WHAT YOU NEED TO DO: Transcribe, leaving out every picture, the lines that run from the start of the listing below through the line with "我院胡晓真同学在2024年全".

AVAILABLE DATA:
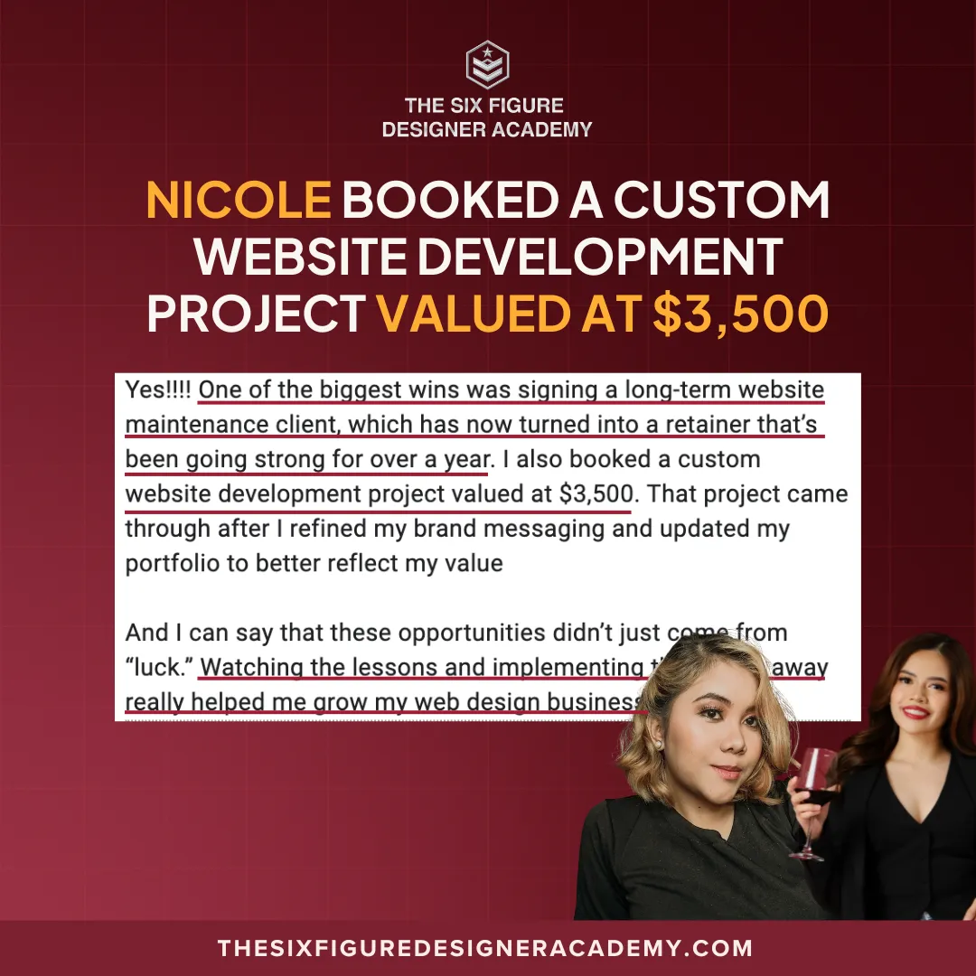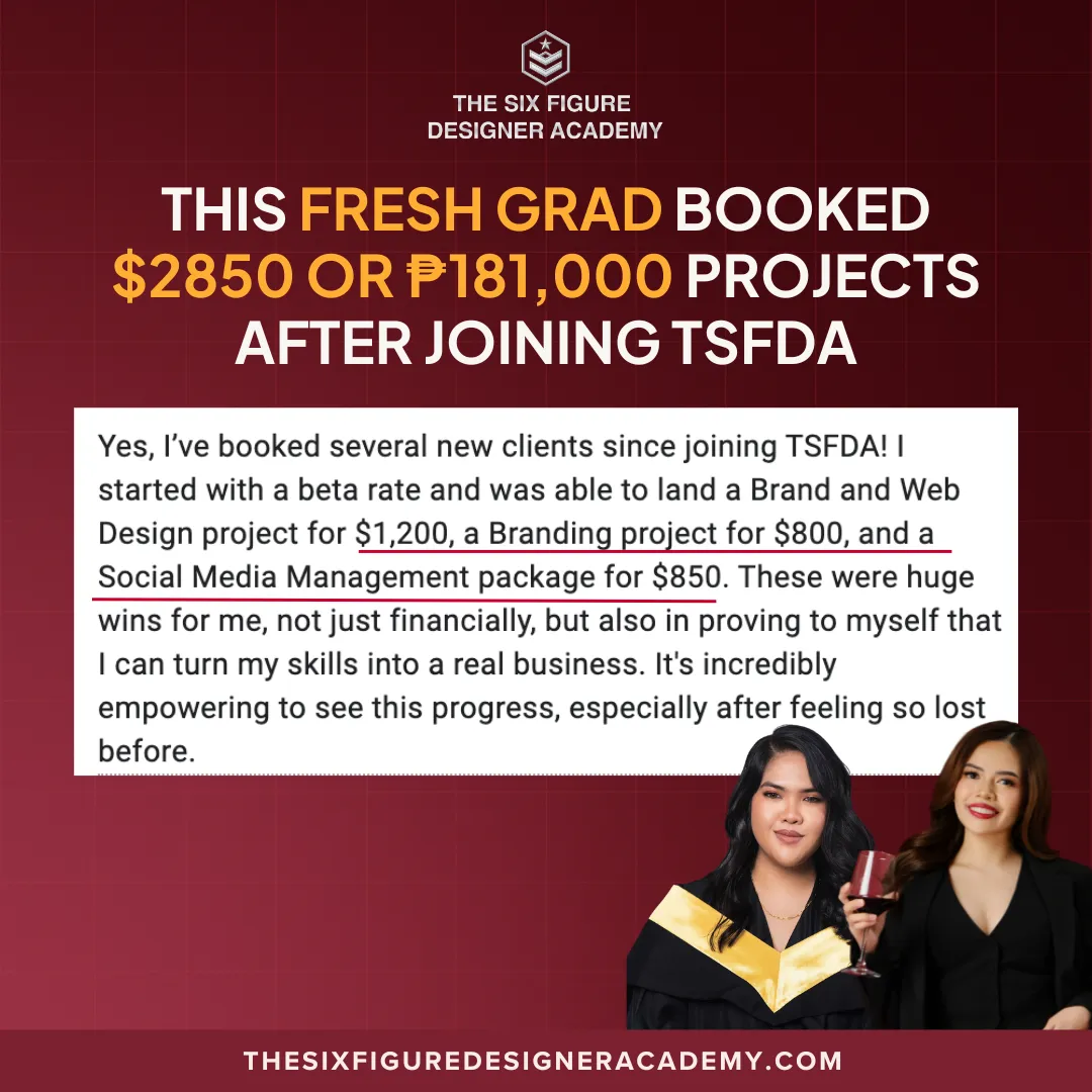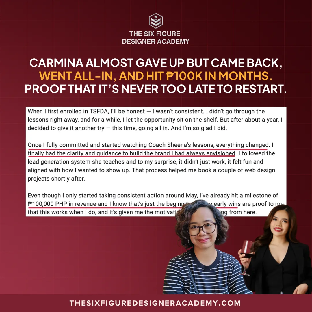 Inside The Six Figure Designer Academy, I’m giving you the exact roadmap I used to go from earning ₱18,000 for my first branding project… to confidently closing 6-figure deals and building a thriving brand and web design business.
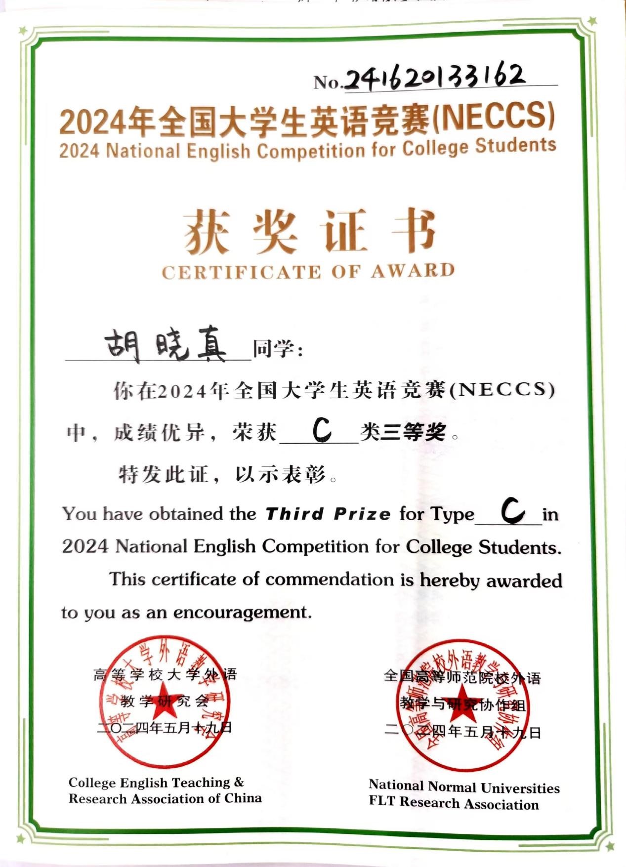 我院胡晓真同学在2024年全国大学生英语竞赛中荣获三等奖,对该获奖同学予以祝贺表彰。
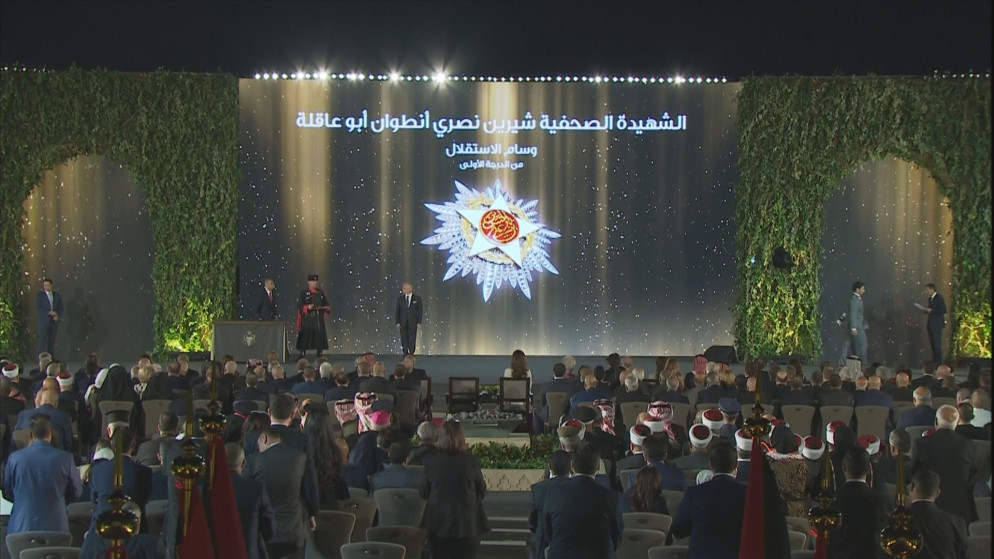 المستقل – أنعم جلالة الملك عبدالله الثاني، الأربعاء، على الشهيدة الصحفية شيرين أبو عاقلة بوسام الاستقلال من الدرجة الأولى، ضمن احتفال وطني بعيد الاستقلال 76 في قصر الحسينية.
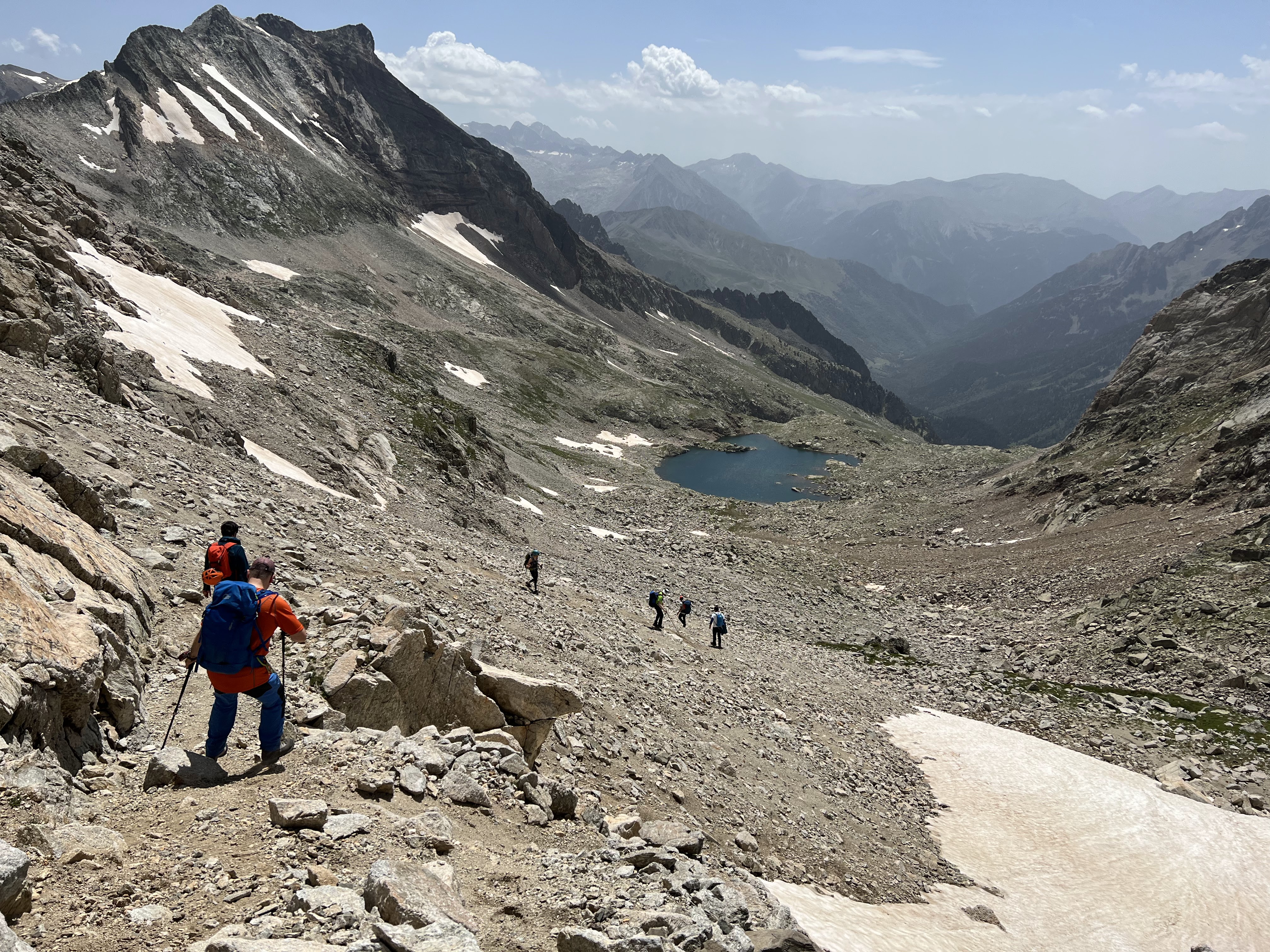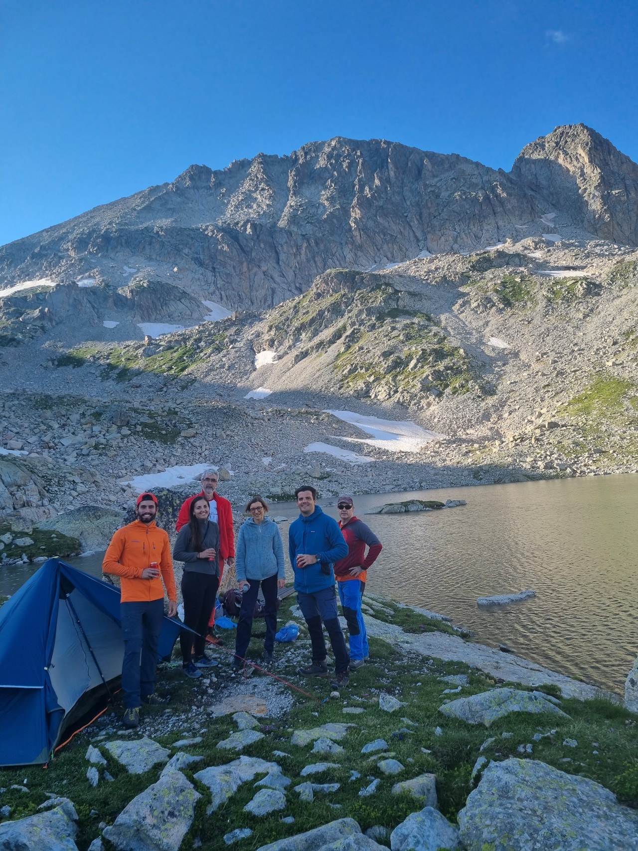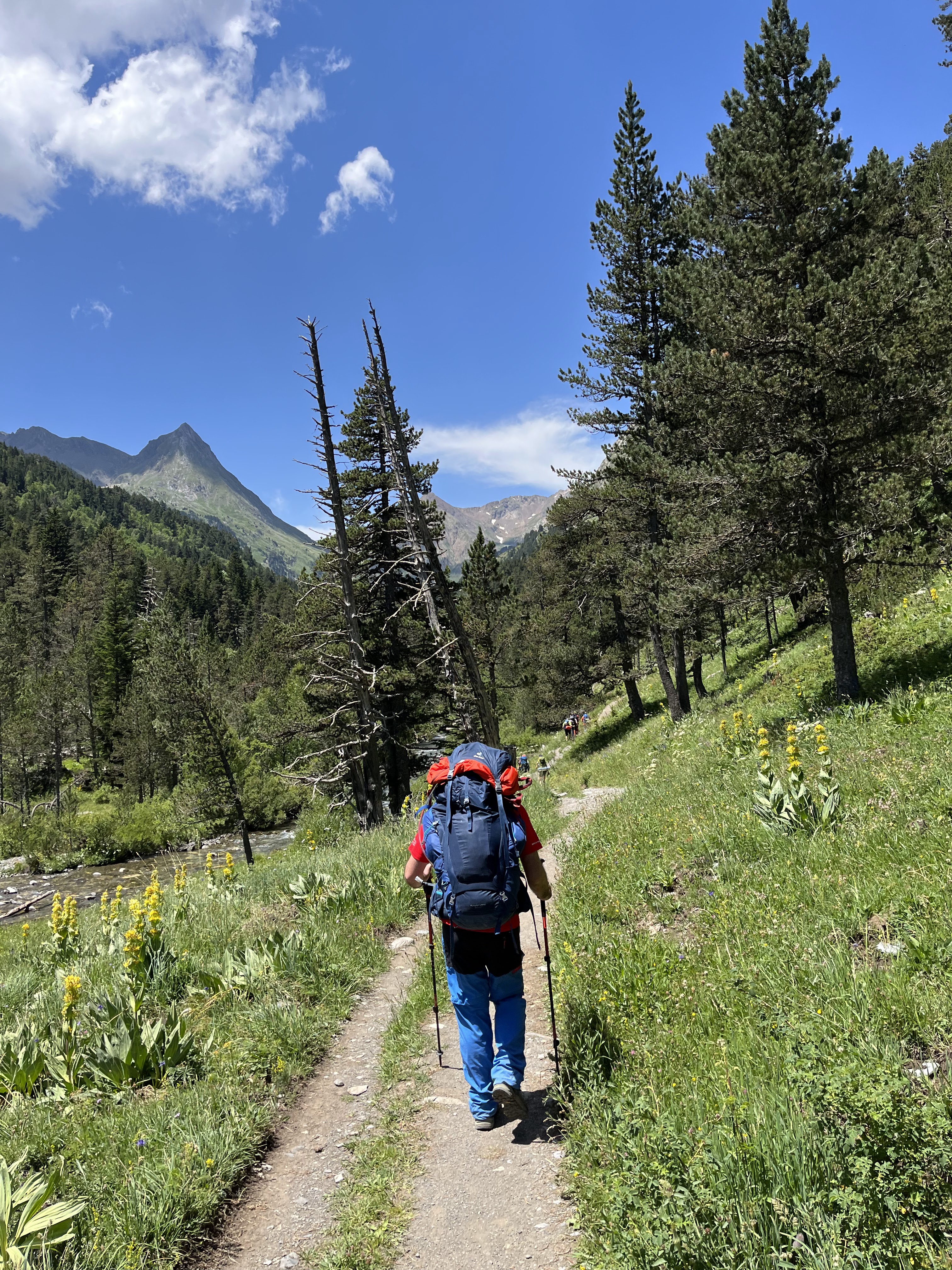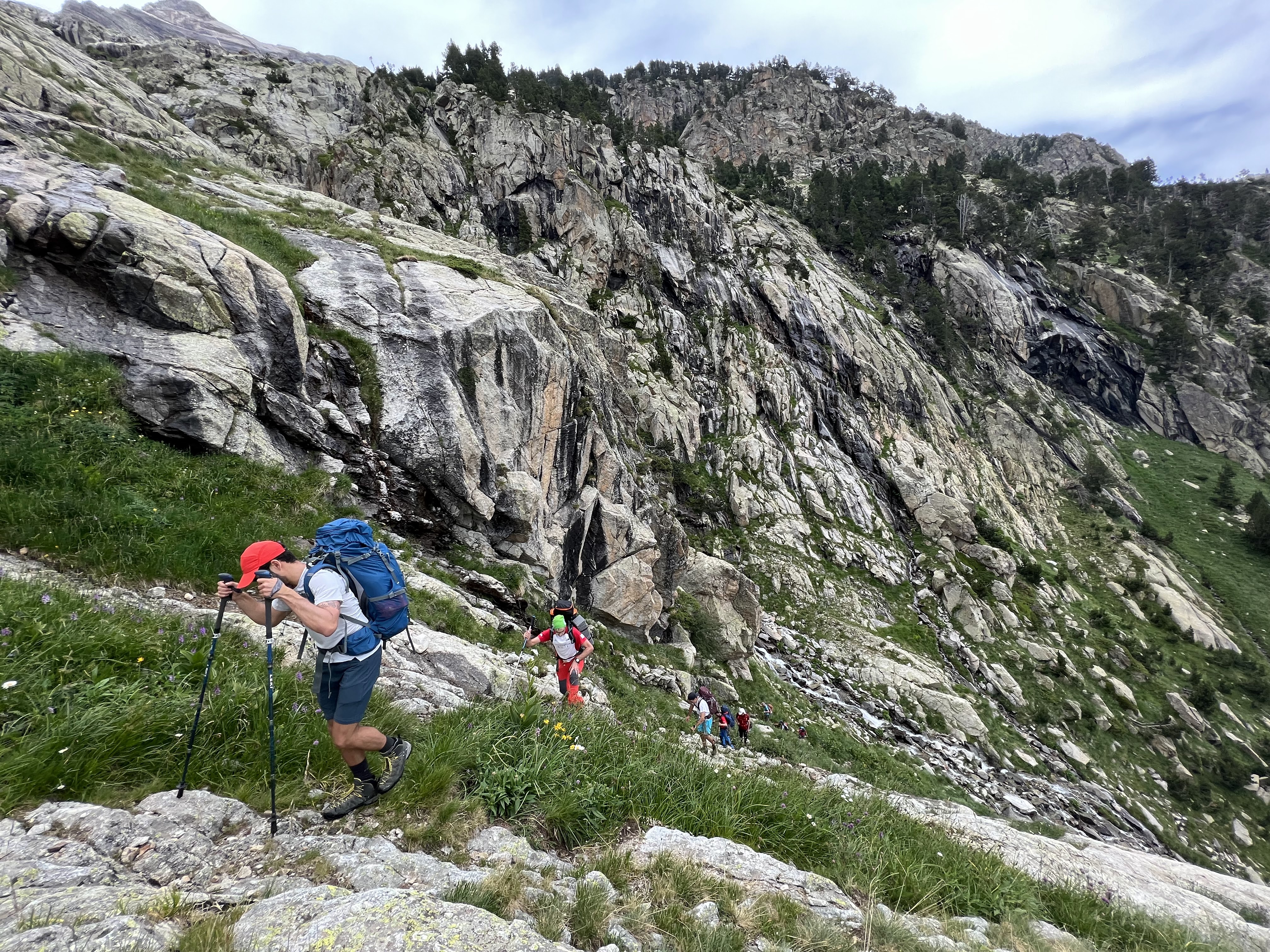 Nuevamente coordinando un grupo del Club Alpino Barcelona, volví a uno de los mejores emplazamientos de vivac del Pirineo, el Ibón de Gías. En 2021 habíamos estado aquí para subir a los sencillos Picos de Clarabide, La visión del poderoso Gourgs Blancs nos puso los dientes largos, y menos de un año después regresamos para apurar la tarea pendiente. Nuevamente el plan era de dos días, y así el Sábado 2 de Julio repetimos la larga caminata desde el aparcamiento de Estós al Refugio, y de ahí la masacrante subida al Ibón de Gías con toda la impedimenta de vivac a cuestas. Dos diferencias importantes respecto al año anterior: una, que siendo inicio de estación, los torrentes bajaban impetuosos, el Ibón Bajo de Gías tenía agua y los bosques vestían un verde rabioso; dos, que el Refugio de Estós bullía de vida, en marcado contraste con el ambiente zombi de 2021, consecuencia del circo grotesco montado por nuestros políticos a cuenta del Covid. Ya decía Aristófanes hace 2400 años que las cualidades necesarias para convertirse en gobernante en una democracia eran dos, ser un ignorante y un granuja. Y hemos comprobado que la gran mayoria de nuestros próceres las poseen generosamente, lo unicó que varía de uno a otro es el porcentaje de estulticia y el de corrupción. Pero me estoy yendo del tema… Decíamos que el 2 de Julio repetimos la larga marcha hacia el Ibón de Gías…

FINAL ANSWER:
 Inside The Six Figure Designer Academy, I’m giving you the exact roadmap I used to go from earning ₱18,000 for my first branding project… to confidently closing 6-figure deals and building a thriving brand and web design business.
 我院胡晓真同学在2024年全国大学生英语竞赛中荣获三等奖,对该获奖同学予以祝贺表彰。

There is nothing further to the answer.